Copy the lines below exactly, starting at the one with "have thin, black" and ending at the one with "11月10-13日,2014", and leave out any picture.

## RECORDS FOR THIS EXERCISE
####
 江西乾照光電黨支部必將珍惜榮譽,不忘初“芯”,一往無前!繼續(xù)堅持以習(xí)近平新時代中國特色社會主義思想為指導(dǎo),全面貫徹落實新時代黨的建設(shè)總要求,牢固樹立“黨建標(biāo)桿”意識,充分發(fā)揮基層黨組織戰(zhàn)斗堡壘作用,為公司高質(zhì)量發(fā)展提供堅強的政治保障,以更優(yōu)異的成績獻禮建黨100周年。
####
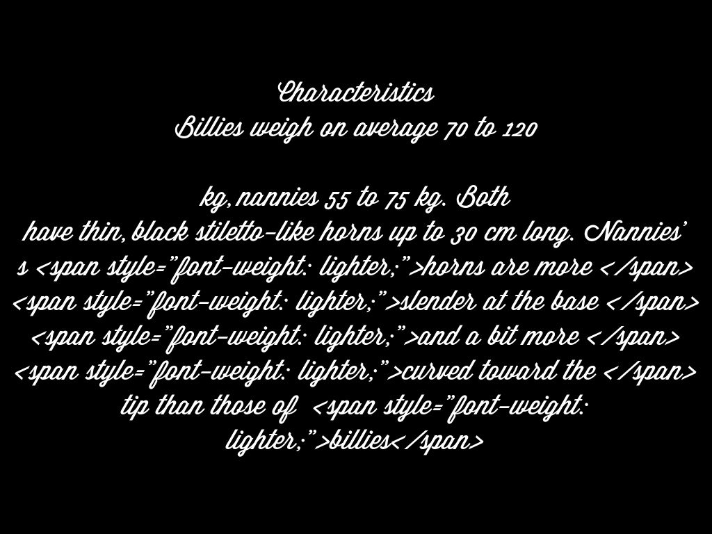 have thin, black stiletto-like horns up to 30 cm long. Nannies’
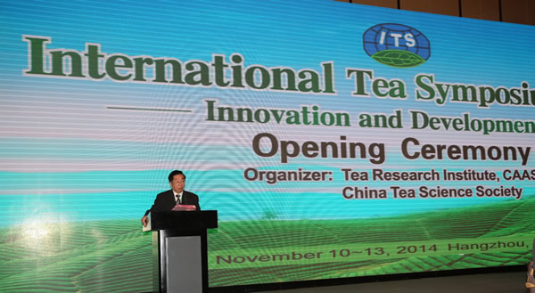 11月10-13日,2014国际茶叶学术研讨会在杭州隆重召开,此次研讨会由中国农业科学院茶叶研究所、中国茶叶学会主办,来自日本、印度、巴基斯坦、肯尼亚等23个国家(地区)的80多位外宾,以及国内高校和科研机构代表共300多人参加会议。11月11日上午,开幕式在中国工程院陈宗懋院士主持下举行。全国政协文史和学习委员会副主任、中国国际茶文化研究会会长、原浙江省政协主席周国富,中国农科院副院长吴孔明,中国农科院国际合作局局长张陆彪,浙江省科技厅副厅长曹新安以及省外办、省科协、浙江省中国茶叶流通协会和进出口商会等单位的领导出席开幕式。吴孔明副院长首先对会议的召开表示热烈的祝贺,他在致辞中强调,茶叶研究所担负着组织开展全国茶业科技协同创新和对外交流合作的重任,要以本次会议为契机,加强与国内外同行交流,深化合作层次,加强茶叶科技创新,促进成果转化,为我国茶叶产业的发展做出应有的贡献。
####
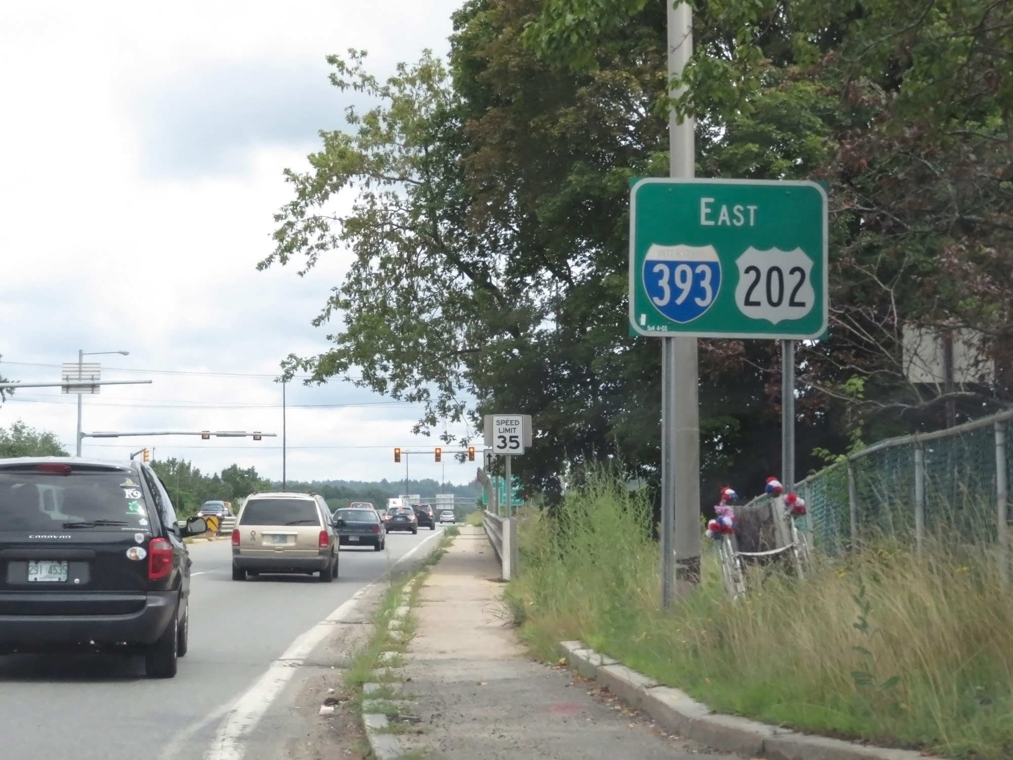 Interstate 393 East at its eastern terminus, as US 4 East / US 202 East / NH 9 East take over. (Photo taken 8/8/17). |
####
## RESULT FOR THIS TASK
 have thin, black stiletto-like horns up to 30 cm long. Nannies’
 11月10-13日,2014国际茶叶学术研讨会在杭州隆重召开,此次研讨会由中国农业科学院茶叶研究所、中国茶叶学会主办,来自日本、印度、巴基斯坦、肯尼亚等23个国家(地区)的80多位外宾,以及国内高校和科研机构代表共300多人参加会议。11月11日上午,开幕式在中国工程院陈宗懋院士主持下举行。全国政协文史和学习委员会副主任、中国国际茶文化研究会会长、原浙江省政协主席周国富,中国农科院副院长吴孔明,中国农科院国际合作局局长张陆彪,浙江省科技厅副厅长曹新安以及省外办、省科协、浙江省中国茶叶流通协会和进出口商会等单位的领导出席开幕式。吴孔明副院长首先对会议的召开表示热烈的祝贺,他在致辞中强调,茶叶研究所担负着组织开展全国茶业科技协同创新和对外交流合作的重任,要以本次会议为契机,加强与国内外同行交流,深化合作层次,加强茶叶科技创新,促进成果转化,为我国茶叶产业的发展做出应有的贡献。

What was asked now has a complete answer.